Poster Presentation 32nd Lorne Cancer 2020

High throughput drug screening in breast and prostate cancer using an innovative cell morphology-based analytical pipeline (#367)

Jean M Winter 1 , Karla J Cowley 2 , Jennii Luu 2 , Richard D Iggo 1 3 , Kaylene J Simpson 2 , Theresa E Hickey 1 , Luke A Selth 1 4 , Wayne D Tilley 1
  1. Dame Roma Mitchell Cancer Research Laboratories, Adelaide Health and Medical Sciences, The University of Adelaide, Adelaide, SA, Australia
  2. Victorian Centre for Functional Genomics, Peter MacCallum Cancer Centre, Melbourne, VIC, Australia
  3. Bergonié Cancer Institute, University of Bordeaux, Bordeaux, France
  4. Flinders Centre for Innovation in Cancer, College of Medicine and Public Health, Flinders University, Adelaide, SA, Australia

The estrogen receptor (ER) and androgen receptor (AR) are nuclear receptor (NR) transcription factors that can drive breast and prostate cancer growth, respectively, through cancer-specific DNA binding.
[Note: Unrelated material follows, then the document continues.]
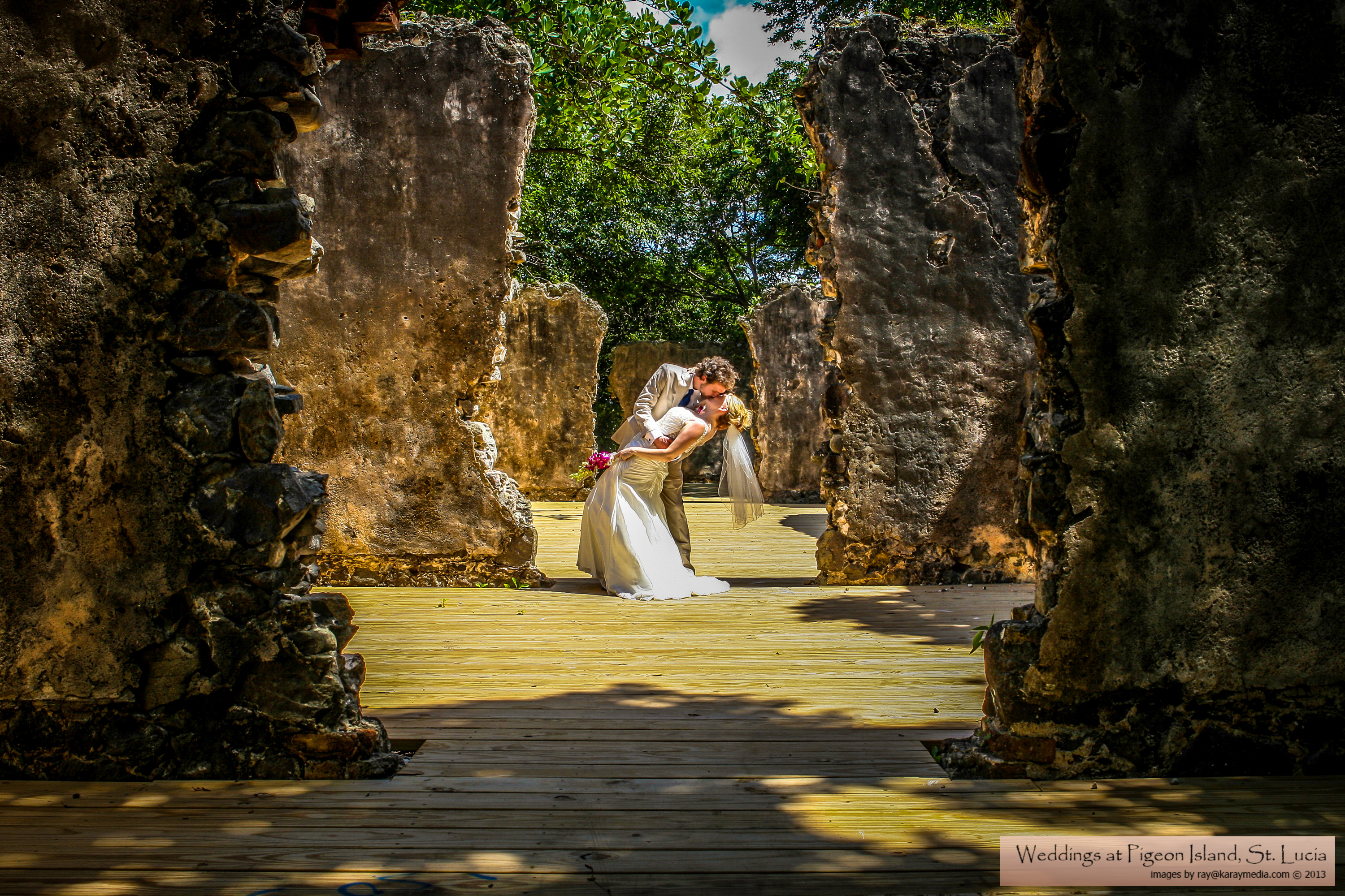 We need a poster designed to promote our venue, the Pigeon Island National Landmark, as a wedding venue. The poster will be 24"x36". Pigeon Island is an historical site with ruins of 18th century military buildings. The ruins lie among old growth and tropical trees.

In breast cancer, co-stimulating ER and progesterone receptor (PR) causes a PR-mediated relocation of ER to genetic regions associated with tumour suppression, including those that promote a more differentiated phenotype. ER reprogramming through activation of other NR family members is less well understood. Whether AR can be reprogrammed to promote differentiation in prostate cancer is not known. We screened over 3,000 NR small molecules, with the potential to reprogram ER or AR in breast and prostate cancer. Lead-like molecules were computationally selected based on 3D pharmacophore fingerprints with predicted activity against various NRs. Proliferation and morphology (as a readout of cancer cell differentiation) were assessed in 4 breast and 4 prostate cancer cell lines that encompass endocrine therapy-sensitive and -resistant disease. Cells were treated for 3 days and stained with DAPI (nuclear), CFMDA (whole-cell) and phalloidin (cytoskeleton) by immunofluorescence (IF). “Hits” were selected as (a) >30% growth inhibition (nuclear count) and (b) morphological changes measured by Mahalanobis distance (mp.value <0.01). Mahalanobis is a quantitative computation of phenotypic features incorporating various cellular components derived from nuclear, whole-cell and cytoskeleton IF staining. Supervised (partial least square; PLS) and un-supervised (hierarchical) clustering of features grouped library “hits” based on their deviation from vehicle treatment. PLS analysis distinguished library NR ligands (e.g. AR versus ER versus PR) against known NR ligands.
Our high-throughput screening pipeline represents an innovative tool to integrate growth inhibition with distinct morphology-based changes associated with differentiation to discover new therapeutic agents. Validation using 3D drug-screening, live-cell imaging and ChIP-seq analyses will determine whether “hits” also elicit ER or AR reprogramming. Lead “hits” will be tested using patient derived pre-clinical models with the aim of progressing an ER and AR reprogramming agent for treatment of breast and prostate cancer into the clinic.